-- RECORDS TO USE --
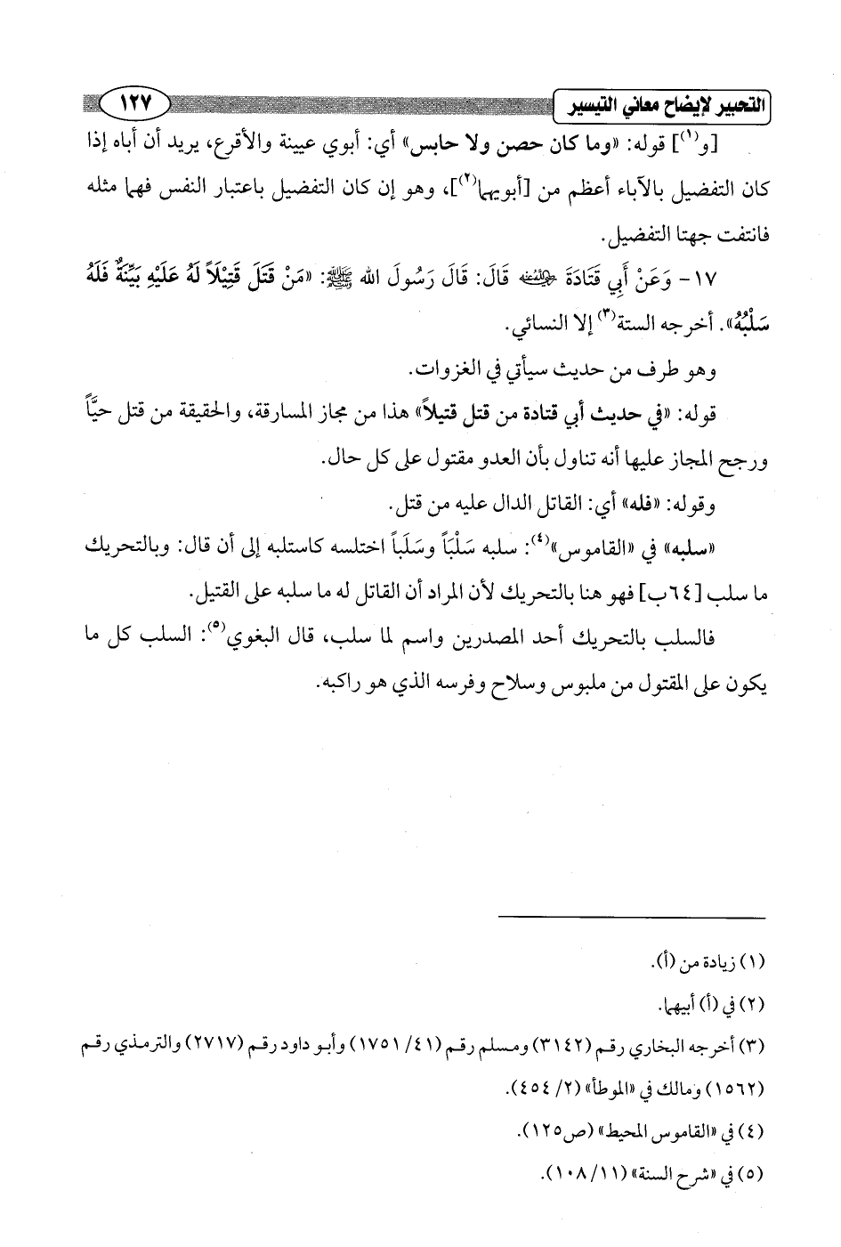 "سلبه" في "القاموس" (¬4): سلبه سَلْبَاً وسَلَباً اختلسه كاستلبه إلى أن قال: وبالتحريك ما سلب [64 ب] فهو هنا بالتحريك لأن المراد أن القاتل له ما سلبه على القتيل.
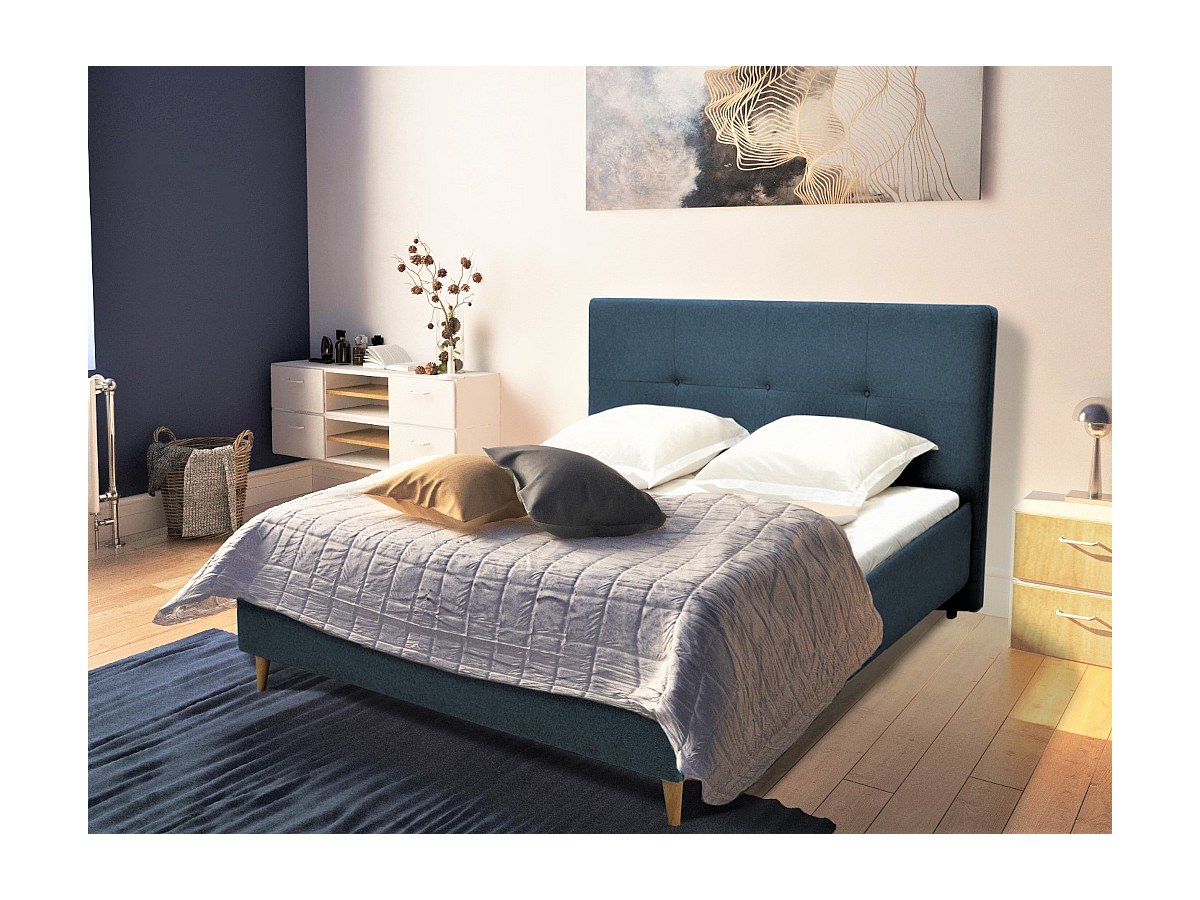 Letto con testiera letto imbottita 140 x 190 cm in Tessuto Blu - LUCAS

==

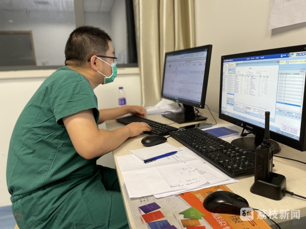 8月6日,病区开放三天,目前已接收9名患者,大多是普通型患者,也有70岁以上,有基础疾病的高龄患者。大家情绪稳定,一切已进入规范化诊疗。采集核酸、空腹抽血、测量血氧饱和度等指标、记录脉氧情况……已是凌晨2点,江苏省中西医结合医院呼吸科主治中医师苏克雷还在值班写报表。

-- EXERCISE DESCRIPTION --
Your output should be the lines above from the one that contains "سلبه على القتيل." through the one that contains "Letto con testiera", word for word, with pictures left out.

-- YOUR SOLUTION --
 "سلبه" في "القاموس" (¬4): سلبه سَلْبَاً وسَلَباً اختلسه كاستلبه إلى أن قال: وبالتحريك ما سلب [64 ب] فهو هنا بالتحريك لأن المراد أن القاتل له ما سلبه على القتيل.
 Letto con testiera letto imbottita 140 x 190 cm in Tessuto Blu - LUCAS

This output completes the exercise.